Featured Author Event: Kirsten Gillibrand (San Francisco)
Bay Area colleagues take note: Kirsten Gillibrand, the United States Senator from New York, is discussing her new book, BOLD & BRAVE: Ten Heroes Who Won Women the Right to Vote (Alfred A. Knopf Books for Young Readers), on Friday, November 30, at the Nourse Theater in San Francisco as part of Books Inc’s City Arts & Lecture series. This special event begins at 7:30 p.m.
On the eve of the one-hundredth anniversary of the Nineteenth Amendment, which granted women suffrage, BOLD & BRAVE looks both backward and forward. It introduces children to strong women who have raised their voices on behalf of justice–and inspires them to raise their own voices to build our future.

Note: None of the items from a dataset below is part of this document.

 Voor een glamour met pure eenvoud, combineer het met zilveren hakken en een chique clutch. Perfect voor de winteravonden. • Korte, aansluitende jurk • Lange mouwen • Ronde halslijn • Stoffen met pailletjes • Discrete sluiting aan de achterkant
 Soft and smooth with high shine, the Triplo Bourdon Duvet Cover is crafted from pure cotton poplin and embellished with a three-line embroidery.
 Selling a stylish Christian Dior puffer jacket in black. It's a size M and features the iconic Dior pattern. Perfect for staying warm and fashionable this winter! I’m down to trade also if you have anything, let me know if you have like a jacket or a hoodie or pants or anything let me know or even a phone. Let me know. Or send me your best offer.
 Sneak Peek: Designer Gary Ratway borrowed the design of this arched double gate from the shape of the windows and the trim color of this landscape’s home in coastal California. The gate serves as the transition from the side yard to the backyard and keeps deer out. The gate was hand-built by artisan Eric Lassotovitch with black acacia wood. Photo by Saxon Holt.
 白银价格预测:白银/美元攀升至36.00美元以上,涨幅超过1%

Senator Gillibrand was inspired by her own great-grandmother, grandmother, and mother to be bold and brave – to stand up and fight for what she believes in. But who inspired them? The long chain of women before them who spoke out for what’s right–women who taught each generation that followed how to be bold and brave.
The suffragists included in BOLD & BRAVE are: Elizabeth Cady Stanton, Susan B. Anthony, Sojourner Truth, Harriet Tubman, Jovita Idár, Alice Paul, Inez Milholland, Ida B. Wells, Lucy Burns, and Mary Church Terrell.

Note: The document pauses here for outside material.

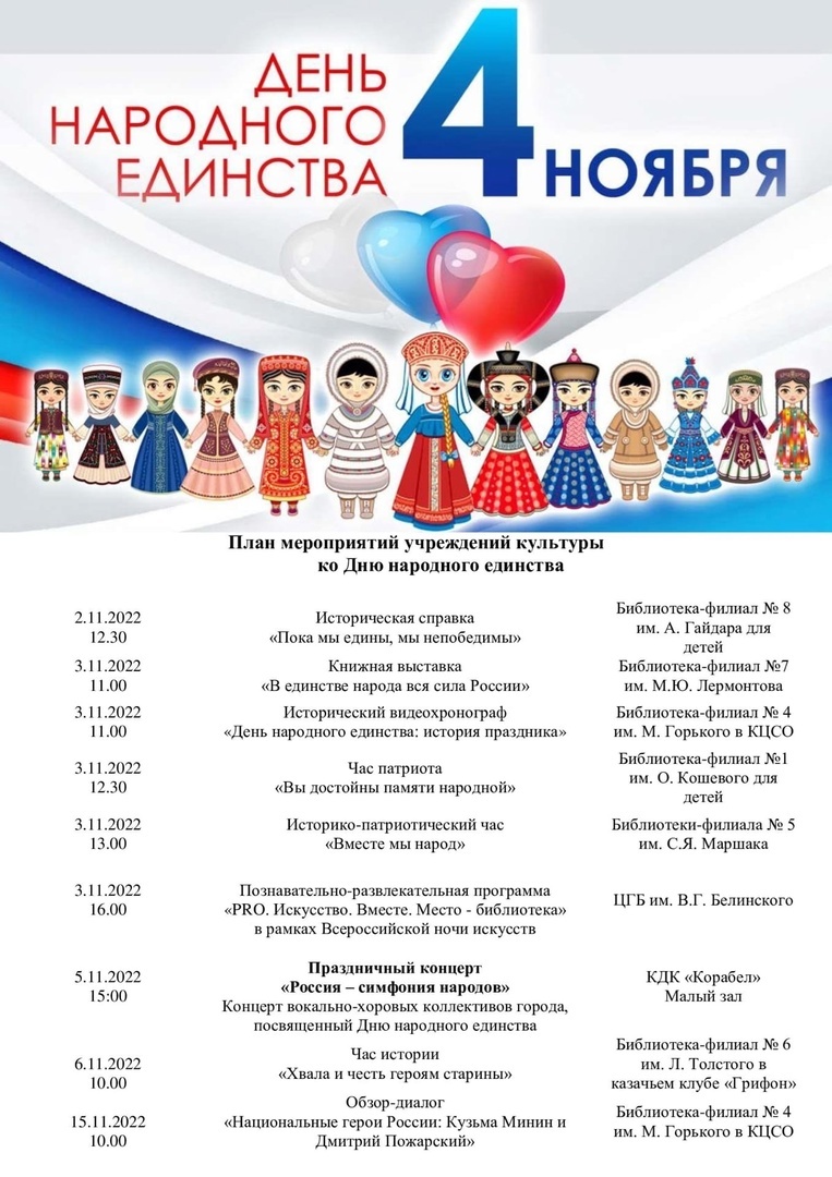 В Керчи опубликовали план мероприятий, посвященный празднованию Дня народного единства. Так, ряд мероприятий пройдет в библиотеках города, а праздничный концерт состоится в ДК «Корабел», - передает Керчь.ФМ.

With gorgeous illustrations by renowned artist Maira Kalman, this is a book that will inspire and uplift, a book to be cherished and shared.

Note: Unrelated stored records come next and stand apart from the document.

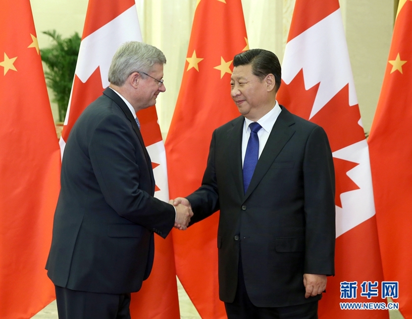 11月9日,国家主席习近平在北京人民大会堂会见加拿大总理哈珀。
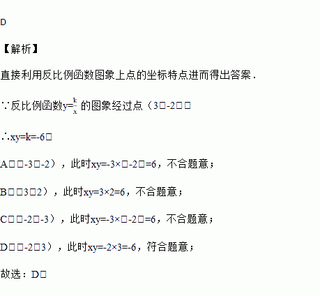 (题文)反比例函数y=的图象经过点(3,﹣2),下列各点在图象上的是( )
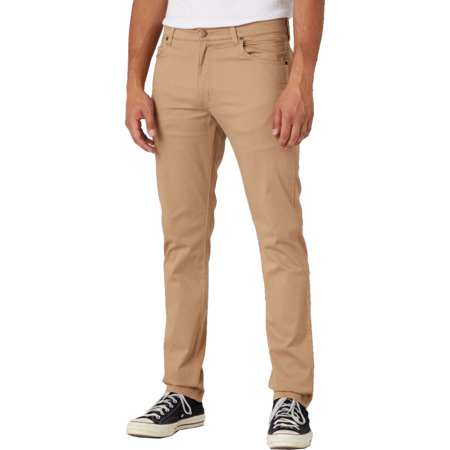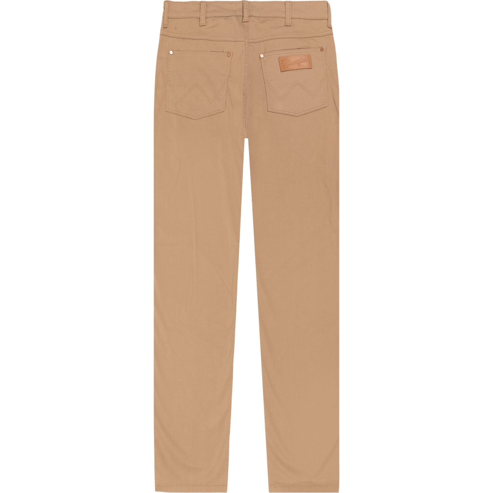 A letisztult Wrangler® Larston LB LightTwill Stretch Tigers Eye W18SEAC20 koptatásmentes avatással, színével megegyező tűzésekkel a védjeggyé vált "W" hátsózsebekkel, valamint az eredetiséget igazoló bőr logóval készült.

Kirsten Gillibrand has served as United States Senator from New York since 2009. A few of her major accomplishments include leading the effort to repeal “Don’t Ask Don’t Tell,” writing the STOCK Act which made it illegal for members of Congress to financially benefit from insider information, and providing permanent health care and compensation to the 9/11 first responders and community survivors. She is a member of the Senate Armed Services Committee, an advocate for gun control, and a major voice in the fight to reform the justice system for sexual assault survivors in the military and on college campuses. A proponent of transparency in government, Gillibrand was the first member of Congress to post her official daily meetings and personal financial disclosures online.